4. The method for realizing ultra wideband AoA positioning based on multi-path antenna switching according to claim 3, wherein in case that the movement of the transmitter causes the displacement of the transmitter during the antenna switching time interval to affect the positioning accuracy, repeating steps 1 to 4 a plurality of times, thereby obtaining the speed of the transmitter on the basis of obtaining a plurality of ranging displacements of the same antenna, and then calculating the motion compensation amount to obtain the distance correction improvement accuracy based on the position correction of the transmitter at the same time.
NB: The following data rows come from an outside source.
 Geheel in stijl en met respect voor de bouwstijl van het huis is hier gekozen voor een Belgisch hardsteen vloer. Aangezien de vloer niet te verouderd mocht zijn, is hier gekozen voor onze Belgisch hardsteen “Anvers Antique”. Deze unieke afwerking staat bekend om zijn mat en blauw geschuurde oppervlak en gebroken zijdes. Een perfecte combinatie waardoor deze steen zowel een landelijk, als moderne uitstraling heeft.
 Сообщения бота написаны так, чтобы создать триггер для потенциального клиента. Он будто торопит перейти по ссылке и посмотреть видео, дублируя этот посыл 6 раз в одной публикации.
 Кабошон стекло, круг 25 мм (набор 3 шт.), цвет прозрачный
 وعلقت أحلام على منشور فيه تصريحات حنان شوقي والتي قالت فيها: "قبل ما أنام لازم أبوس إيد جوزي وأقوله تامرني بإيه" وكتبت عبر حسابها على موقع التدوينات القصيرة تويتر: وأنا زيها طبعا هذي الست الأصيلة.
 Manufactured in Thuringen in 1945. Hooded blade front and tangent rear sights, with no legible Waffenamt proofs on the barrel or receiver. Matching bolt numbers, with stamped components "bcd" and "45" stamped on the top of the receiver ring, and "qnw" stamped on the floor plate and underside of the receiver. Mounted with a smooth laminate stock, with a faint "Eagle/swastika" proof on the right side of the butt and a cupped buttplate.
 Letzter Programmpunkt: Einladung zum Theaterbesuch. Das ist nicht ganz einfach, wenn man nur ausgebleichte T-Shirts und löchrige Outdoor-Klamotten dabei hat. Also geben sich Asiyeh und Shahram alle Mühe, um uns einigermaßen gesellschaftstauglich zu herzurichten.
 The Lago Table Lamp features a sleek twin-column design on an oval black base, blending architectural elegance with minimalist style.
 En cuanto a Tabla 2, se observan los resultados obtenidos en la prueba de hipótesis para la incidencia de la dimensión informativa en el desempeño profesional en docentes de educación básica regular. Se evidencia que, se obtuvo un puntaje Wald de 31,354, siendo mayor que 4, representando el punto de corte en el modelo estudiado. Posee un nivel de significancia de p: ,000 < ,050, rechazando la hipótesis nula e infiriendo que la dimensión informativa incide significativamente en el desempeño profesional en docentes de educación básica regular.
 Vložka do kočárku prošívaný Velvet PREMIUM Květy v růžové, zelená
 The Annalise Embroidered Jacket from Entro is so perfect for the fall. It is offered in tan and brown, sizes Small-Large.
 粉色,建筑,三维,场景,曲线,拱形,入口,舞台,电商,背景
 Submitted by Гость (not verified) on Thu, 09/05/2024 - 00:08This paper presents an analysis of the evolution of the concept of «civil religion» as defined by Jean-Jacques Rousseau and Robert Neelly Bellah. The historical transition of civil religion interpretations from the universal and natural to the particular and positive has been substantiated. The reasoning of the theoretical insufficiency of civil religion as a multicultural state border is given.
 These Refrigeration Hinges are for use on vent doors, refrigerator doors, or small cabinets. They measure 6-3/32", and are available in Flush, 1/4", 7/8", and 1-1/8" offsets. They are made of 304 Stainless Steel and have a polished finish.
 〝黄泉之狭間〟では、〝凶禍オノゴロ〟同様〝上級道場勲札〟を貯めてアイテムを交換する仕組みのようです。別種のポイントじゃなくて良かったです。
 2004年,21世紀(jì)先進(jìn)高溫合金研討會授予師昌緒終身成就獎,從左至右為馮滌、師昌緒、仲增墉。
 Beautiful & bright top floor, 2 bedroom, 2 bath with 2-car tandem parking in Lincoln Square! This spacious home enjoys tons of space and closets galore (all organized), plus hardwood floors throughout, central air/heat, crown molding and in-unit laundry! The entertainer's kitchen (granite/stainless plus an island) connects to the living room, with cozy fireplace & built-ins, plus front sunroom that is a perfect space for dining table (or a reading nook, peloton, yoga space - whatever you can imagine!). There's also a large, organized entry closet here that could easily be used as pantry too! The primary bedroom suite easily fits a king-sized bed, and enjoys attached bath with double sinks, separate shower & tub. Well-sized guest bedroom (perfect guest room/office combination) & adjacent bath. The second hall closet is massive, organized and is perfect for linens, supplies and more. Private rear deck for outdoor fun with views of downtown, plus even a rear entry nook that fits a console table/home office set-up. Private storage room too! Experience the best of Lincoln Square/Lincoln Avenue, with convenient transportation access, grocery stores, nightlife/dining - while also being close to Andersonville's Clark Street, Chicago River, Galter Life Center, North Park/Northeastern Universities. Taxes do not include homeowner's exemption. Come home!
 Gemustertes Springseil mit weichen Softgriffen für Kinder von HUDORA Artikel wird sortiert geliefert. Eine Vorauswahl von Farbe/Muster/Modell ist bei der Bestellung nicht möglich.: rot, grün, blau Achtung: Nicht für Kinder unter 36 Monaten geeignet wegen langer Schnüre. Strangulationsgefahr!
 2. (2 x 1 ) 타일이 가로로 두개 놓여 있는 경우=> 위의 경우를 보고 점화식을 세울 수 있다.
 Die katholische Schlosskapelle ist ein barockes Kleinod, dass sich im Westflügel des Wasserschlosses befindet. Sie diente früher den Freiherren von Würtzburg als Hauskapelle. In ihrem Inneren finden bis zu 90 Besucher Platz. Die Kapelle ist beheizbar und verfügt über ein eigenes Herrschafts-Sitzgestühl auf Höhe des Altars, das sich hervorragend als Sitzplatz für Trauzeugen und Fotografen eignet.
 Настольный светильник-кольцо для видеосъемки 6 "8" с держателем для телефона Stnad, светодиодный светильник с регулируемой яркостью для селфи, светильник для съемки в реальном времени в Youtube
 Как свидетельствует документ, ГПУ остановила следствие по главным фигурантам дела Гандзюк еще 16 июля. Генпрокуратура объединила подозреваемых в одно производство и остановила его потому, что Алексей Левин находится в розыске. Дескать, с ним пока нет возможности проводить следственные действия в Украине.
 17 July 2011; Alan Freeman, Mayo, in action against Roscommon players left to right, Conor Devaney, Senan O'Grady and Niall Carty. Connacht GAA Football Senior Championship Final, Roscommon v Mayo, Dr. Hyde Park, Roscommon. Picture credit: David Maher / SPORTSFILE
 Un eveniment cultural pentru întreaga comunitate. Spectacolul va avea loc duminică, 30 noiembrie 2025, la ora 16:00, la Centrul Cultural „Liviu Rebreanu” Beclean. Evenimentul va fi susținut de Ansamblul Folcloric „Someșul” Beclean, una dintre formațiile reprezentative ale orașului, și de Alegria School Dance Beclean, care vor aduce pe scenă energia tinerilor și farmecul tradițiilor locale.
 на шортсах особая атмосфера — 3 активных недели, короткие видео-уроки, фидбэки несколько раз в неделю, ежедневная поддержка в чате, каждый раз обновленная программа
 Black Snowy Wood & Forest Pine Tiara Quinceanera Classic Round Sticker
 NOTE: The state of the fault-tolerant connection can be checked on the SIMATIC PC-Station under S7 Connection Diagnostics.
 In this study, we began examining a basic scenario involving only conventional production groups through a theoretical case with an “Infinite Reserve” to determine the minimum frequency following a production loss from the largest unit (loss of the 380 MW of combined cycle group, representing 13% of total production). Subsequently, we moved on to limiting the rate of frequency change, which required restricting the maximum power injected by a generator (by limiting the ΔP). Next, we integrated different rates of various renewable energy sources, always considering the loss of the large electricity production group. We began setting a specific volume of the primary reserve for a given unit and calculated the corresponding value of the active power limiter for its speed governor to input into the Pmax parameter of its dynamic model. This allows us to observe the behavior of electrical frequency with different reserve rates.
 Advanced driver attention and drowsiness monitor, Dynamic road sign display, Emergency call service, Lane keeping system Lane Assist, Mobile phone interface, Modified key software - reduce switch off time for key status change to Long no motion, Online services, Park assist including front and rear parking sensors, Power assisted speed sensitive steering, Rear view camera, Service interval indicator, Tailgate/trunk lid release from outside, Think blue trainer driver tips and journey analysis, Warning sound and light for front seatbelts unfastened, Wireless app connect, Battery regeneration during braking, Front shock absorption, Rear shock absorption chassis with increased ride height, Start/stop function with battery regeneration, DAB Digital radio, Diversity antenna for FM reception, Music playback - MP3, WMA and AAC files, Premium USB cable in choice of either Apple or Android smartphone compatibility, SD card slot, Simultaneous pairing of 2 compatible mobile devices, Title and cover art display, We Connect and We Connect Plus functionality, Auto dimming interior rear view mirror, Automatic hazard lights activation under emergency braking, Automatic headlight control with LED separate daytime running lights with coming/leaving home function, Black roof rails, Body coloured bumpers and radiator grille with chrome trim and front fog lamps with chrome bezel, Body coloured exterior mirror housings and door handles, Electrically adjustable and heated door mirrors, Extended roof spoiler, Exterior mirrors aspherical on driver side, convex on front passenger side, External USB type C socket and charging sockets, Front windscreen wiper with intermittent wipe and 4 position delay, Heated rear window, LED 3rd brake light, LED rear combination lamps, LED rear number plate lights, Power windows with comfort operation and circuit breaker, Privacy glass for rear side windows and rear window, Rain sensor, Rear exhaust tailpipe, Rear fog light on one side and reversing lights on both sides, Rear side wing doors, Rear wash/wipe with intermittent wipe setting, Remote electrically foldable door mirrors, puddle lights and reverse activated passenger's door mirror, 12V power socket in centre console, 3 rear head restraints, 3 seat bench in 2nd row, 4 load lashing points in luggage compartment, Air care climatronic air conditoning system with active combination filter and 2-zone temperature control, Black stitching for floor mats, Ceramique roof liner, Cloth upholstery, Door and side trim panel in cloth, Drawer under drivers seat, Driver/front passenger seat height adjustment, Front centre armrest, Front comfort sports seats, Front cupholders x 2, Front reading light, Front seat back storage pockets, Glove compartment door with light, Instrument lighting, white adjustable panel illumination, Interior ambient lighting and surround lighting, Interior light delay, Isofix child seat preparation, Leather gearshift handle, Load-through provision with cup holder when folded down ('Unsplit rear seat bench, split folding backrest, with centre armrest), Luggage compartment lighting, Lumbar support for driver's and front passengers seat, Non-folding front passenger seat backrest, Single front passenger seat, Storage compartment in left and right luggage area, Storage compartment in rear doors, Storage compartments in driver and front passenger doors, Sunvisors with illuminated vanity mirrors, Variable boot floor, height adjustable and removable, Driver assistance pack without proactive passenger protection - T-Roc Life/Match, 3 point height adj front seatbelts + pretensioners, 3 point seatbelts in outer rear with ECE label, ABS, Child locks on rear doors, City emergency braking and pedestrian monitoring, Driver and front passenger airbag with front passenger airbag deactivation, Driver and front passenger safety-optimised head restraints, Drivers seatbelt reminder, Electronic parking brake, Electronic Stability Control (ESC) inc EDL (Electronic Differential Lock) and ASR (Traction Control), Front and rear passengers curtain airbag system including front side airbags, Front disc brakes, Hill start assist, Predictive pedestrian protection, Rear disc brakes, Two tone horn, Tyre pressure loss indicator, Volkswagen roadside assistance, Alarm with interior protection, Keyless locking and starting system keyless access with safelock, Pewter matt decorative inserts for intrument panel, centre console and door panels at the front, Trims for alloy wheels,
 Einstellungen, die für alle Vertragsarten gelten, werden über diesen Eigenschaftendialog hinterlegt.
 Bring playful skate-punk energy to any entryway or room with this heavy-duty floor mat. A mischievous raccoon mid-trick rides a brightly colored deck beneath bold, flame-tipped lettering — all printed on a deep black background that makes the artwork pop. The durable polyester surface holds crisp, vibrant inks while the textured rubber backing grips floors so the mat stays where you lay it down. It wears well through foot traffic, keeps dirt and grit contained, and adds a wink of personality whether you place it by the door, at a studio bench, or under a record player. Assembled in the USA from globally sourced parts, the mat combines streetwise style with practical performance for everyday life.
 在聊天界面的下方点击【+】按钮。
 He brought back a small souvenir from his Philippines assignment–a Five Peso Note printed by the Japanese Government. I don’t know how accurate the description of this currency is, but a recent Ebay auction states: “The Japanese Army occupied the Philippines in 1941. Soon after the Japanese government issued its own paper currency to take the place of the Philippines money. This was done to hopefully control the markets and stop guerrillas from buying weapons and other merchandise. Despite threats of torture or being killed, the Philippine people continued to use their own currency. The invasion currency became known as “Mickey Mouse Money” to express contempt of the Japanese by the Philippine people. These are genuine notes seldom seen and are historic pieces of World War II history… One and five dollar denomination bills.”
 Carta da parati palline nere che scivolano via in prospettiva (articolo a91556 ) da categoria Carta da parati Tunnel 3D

5. The method for implementing ultra wideband AoA positioning based on multi-path antenna switching according to claim 3, wherein the switching time control mode is slow switching or fast switching; when the position of the transmitter is changed at a low speed, under the condition that the position movement of the transmitter affects the positioning precision, calculating the motion compensation quantity to obtain the distance correction improvement precision based on the position correction of the transmitter at the same time; when the antenna is switched quickly in the same data packet, the accuracy of the positioning caused by the movement of the transmitter is not required to be corrected by motion compensation under the condition that the influence of the positioning accuracy caused by the movement of the transmitter is negligible.